# Looking at living and working in italy



## Carmelo (Oct 20, 2009)

Hi all,

I was after any valuable information on living and working in italy. I am an australian with italian parents and have just come back from italy. I can converse in italian but i am not totally fluent. I am attaining an italian passport in the next few weeks.
I have family in Rome, Campobasso and Sicily. I love all but really love sicily. I would love to hear from people that have made the move and what they think, people that are working in italy and or people that have done this previously.

I currently work in IT and have done so for the past 8 years. I am a system administrator with a strong microsoft and vmware background. So if anyone has moved over into an IT feild it would be great to hear from you.
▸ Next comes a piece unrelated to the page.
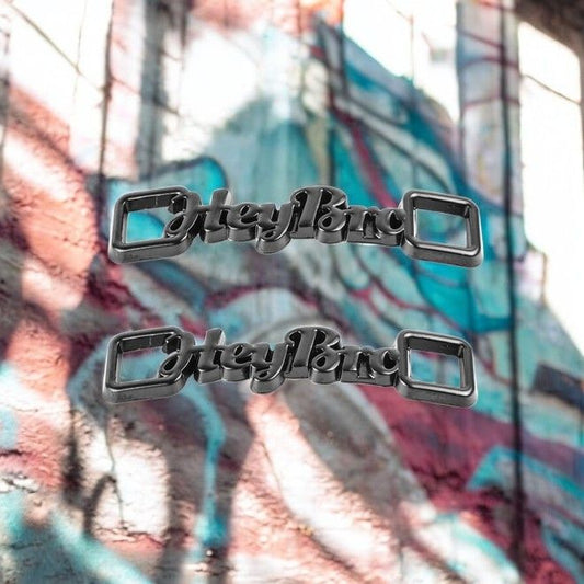2 Paar Schnürsenkel Endstücke „Hey Bro“ - aus Metall für Sneaker - anthrazit

I think this will do for now.

Talk to me anyone.......

Carmelo


----------



## luiss_in_basilicata (Feb 27, 2009)

Hi Carmelo,
I have a close friend working in the IT business....he has worked in England many years and moved back to Italy after a while.....maybe I can share his experience to make your move easier....send me a msg and I will help in pointing you in the right direction....

Luigi


----------



## Carmelo (Oct 20, 2009)

*Hi Luigi*



luiss_in_basilicata said:


> Hi Carmelo,
> I have a close friend working in the IT business....he has worked in England many years and moved back to Italy after a while.....maybe I can share his experience to make your move easier....send me a msg and I will help in pointing you in the right direction....
> 
> Luigi


That would be fantastic Luigi. You can contact me on charlie1 at iinet dot net dot au. I appreciate it.

Carmelo


----------